Reproduce verbatim the lines of the material below, starting at the line with "Descripción: Monoambiente en" and ending at the line with "日前,华证指数公布了新一期(2025年7", both inclusive; skip the rest.
*** DATASET
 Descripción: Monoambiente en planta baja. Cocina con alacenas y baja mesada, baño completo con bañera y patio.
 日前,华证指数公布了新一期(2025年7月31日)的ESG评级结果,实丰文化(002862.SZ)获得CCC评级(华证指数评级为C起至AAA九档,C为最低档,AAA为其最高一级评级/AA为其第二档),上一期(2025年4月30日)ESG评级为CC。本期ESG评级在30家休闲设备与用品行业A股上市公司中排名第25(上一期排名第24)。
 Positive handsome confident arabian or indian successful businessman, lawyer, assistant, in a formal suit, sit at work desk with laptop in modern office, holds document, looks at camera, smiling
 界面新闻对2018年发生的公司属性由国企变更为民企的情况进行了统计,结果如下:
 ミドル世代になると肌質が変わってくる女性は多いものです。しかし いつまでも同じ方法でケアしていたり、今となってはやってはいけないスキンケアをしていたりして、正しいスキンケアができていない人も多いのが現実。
******
*** DATASET
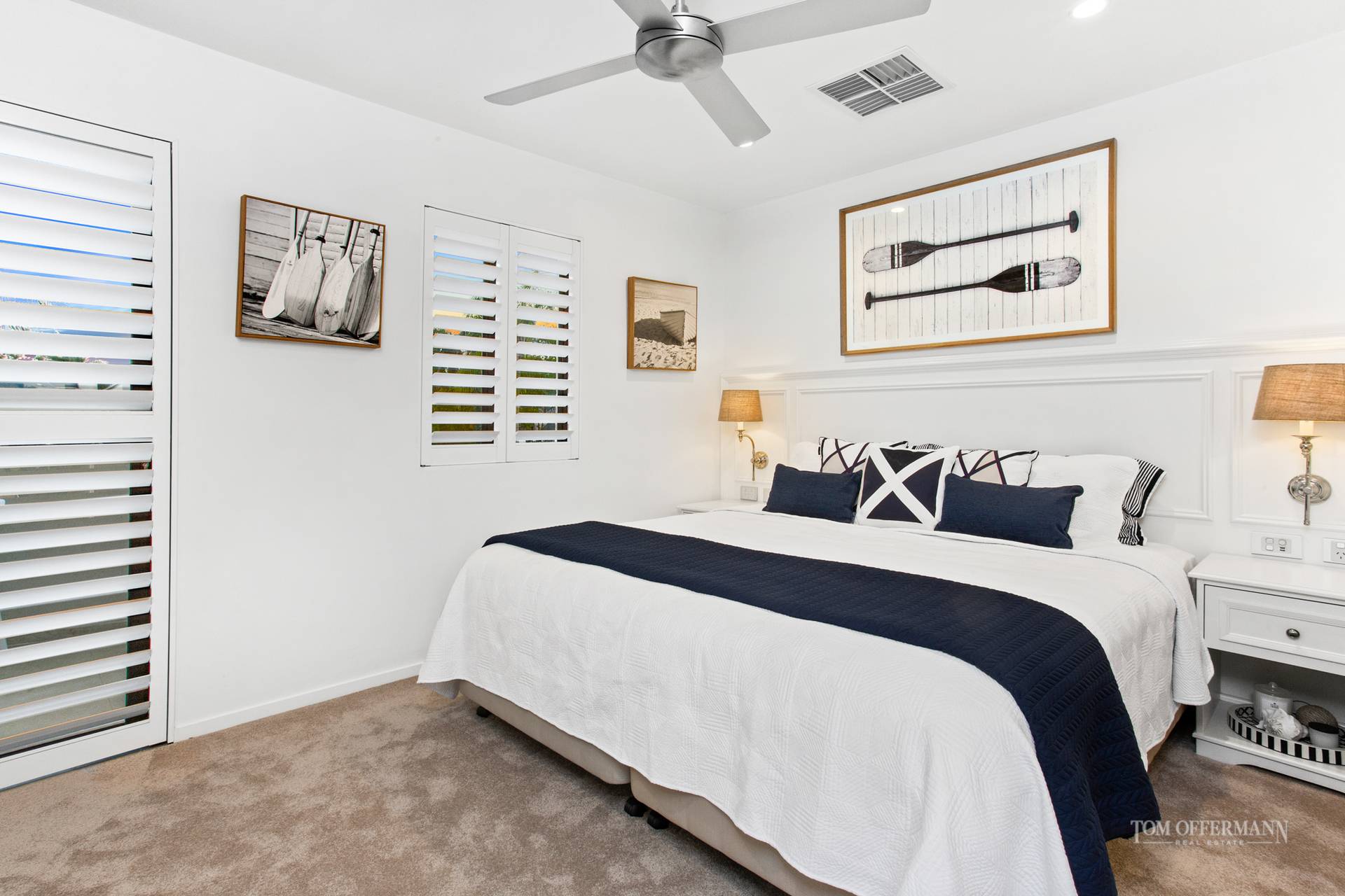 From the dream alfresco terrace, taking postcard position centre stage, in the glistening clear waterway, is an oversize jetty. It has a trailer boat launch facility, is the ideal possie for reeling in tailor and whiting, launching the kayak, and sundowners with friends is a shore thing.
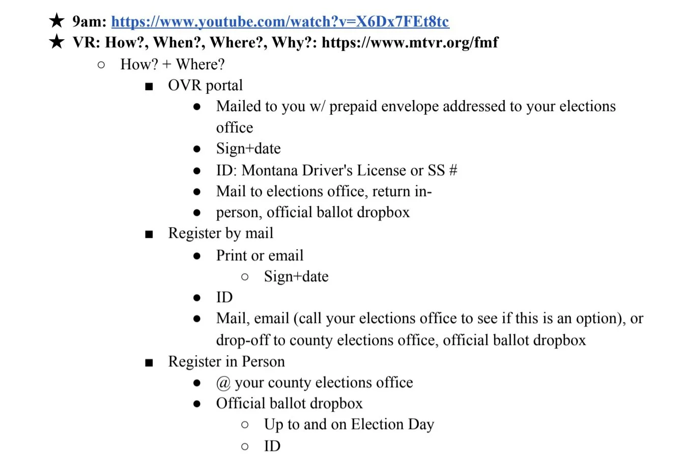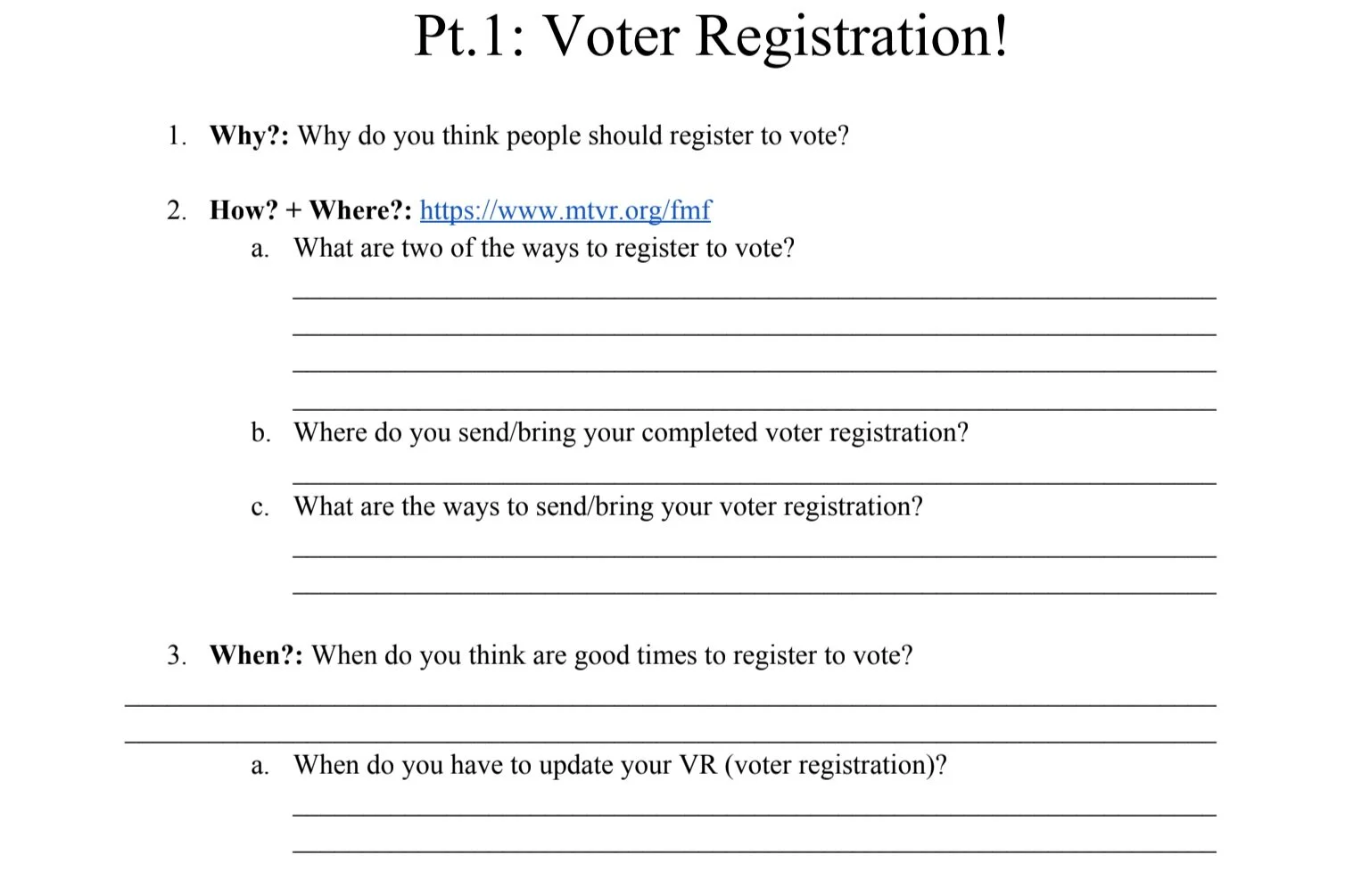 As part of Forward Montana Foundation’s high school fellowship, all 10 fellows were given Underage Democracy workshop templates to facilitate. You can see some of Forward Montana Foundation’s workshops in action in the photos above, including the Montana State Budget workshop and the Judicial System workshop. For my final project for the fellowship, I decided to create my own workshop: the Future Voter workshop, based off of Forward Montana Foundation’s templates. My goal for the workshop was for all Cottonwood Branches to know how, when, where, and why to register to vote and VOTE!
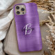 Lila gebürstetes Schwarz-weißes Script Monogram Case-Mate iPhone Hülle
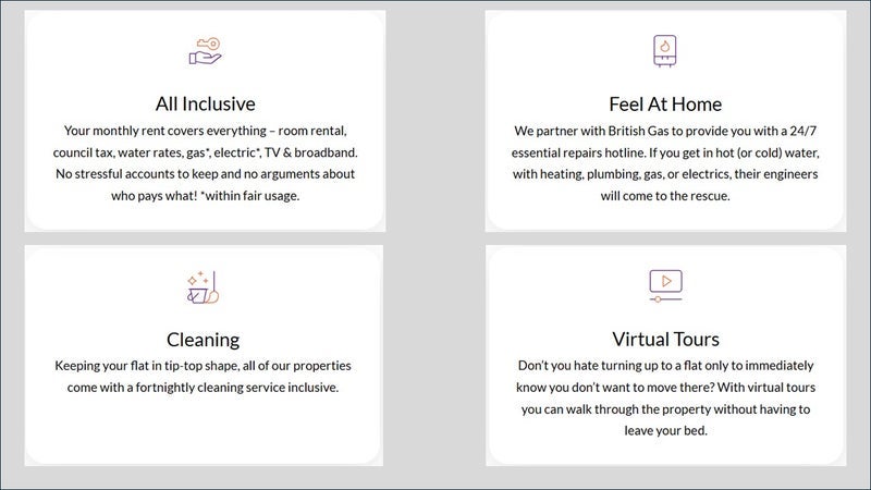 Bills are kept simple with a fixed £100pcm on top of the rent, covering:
******
ANSWER SPACE →
 Descripción: Monoambiente en planta baja. Cocina con alacenas y baja mesada, baño completo con bañera y patio.
 日前,华证指数公布了新一期(2025年7月31日)的ESG评级结果,实丰文化(002862.SZ)获得CCC评级(华证指数评级为C起至AAA九档,C为最低档,AAA为其最高一级评级/AA为其第二档),上一期(2025年4月30日)ESG评级为CC。本期ESG评级在30家休闲设备与用品行业A股上市公司中排名第25(上一期排名第24)。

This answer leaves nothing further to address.